WAR soll eine Ausrede sein, warum einige mit WOW wieder angefangen haben, bei anderen MMOs hängen geblieben sind? WAR hatte noch Glück, dass es wenig MMO Konkurenz gab und WOW auch. Das ändert sich aber. Alleine Star Wars, kann gut Leute ziehe, GW2 hat potenzial und ne Alpha gezeigt, die sogar funktioniert. WAR will dieses Jahr die Addons bringen und sagt nicht gerade viel dazu =). Es gibt auch noch andere Ankündige, selbst CCP hat ein neues MMO in der mache und mit Eve Online haben sie ja bewiesen, dass sie schon was leisten können.

Daher das bei WAR leute fehlen und die WAR schlecht fanden, ist keine ausrede von Leuten die mit WOW anfangen wollen.e Sondern hat Mythic sich selbst zu zuschreiben, hat mit noch lauter anderen fakten zu tun. Das ist ein Fanboy, der eben nichts weiter macht, als die Schuld nicht bei einem Spiel zu sehen, was eben viele entäuscht hat. Age of Conan hat es genau so gemacht. Hat auch Leute stark enttäuscht. Doch haben sie auch für ihre Änderungen teilweise gute Kritiken bekommen und ich denke, hätten sie damals einfach gesagt. "Das haben wir" und "Das haben wir aus Zeitgründen noch nicht", wäre es nie so abgestürzt. WAR hätte von den Fehlern lernen können, die man vor Veröffentlichung gemacht hat. Hat es nicht und dannach haben sie es nicht wirklich besser gemacht. Dann gibt es noch genug andere MMOs, neben WOW, die von WAR abziehen. Gerae die PVP Fraktion, bleibt wohl nicht bei WAR. Nur gibt es für sie, auch weniger Optionen. 

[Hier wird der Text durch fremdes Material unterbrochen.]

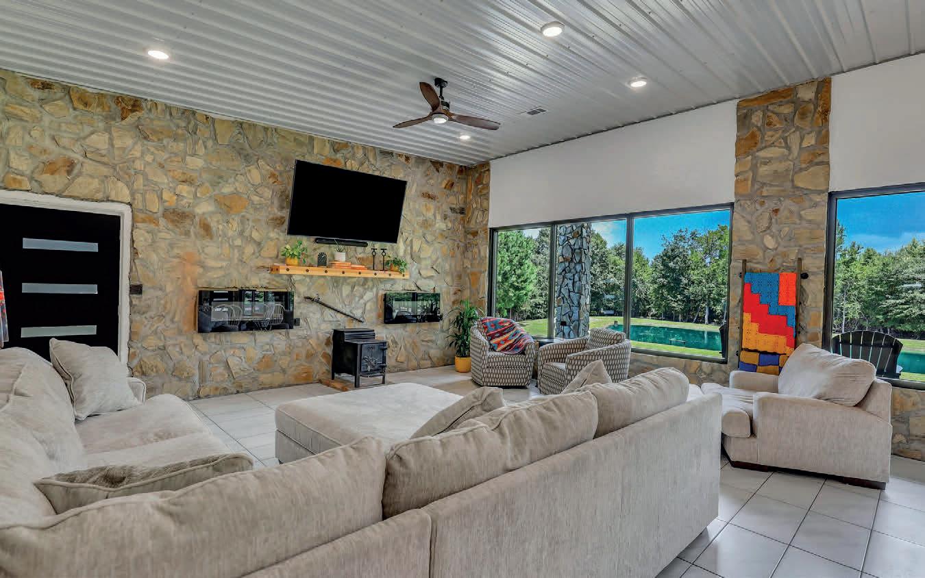 flawless. Retreat to the luxurious owner’s suite—a private sanctuary with a soothing color palette, custom finishes, and a separate sitting room with its own fireplace and fully equipped morning bar. Every detail is designed for relaxation, style, and elevated comfort. Enjoy movie nights in the dedicated theater room or host unforgettable gatherings on the covered outdoor patio, complete with an outdoor kitchen, prep station, and built-in refrigerator—perfect for alfresco dining under the stars. Solid core doors throughout add another level of sophistication and privacy, reinforcing the home’s emphasis on quality and soundproofing. Secluded yet connected, this estate offers the best of both worlds—tranquil living within minutes of premier schools, shopping, and dining.

Bei WAR kam einiges zusammen und wenn nur WOW der Grund wäre, wären nach Lichking die Leute zurück gekommen zu WAR und zwar einige. Das man es vorher rausbrachte, war nur in einem Punkt ein Fehler. Die Eindrücke bei der Veröffentlichung. Hätte man sich noch 4 Monate Zeit gelassen oder 5. Dann hätte man nach Wotlk raus kommen können, hätte mehr Fehler ausgebaut und hätte die Leute locken können, die kein Bock mehr mit Wotlk haben oder davon nicht so begeistert waren, wie sie dachten.


----------



## UlrikConDoin (27. September 2010)

Golrik schrieb:


> Jap ich find auch das WAR, für einige als Lückenfüller zählt. Das Problem und so ging es mir eben auch, ich fühltem ich nicht anders als bei WOW. ....



Wenn das dein Fazit aus WAR spielen ist, dann bist du wirklich im falschen Spiel.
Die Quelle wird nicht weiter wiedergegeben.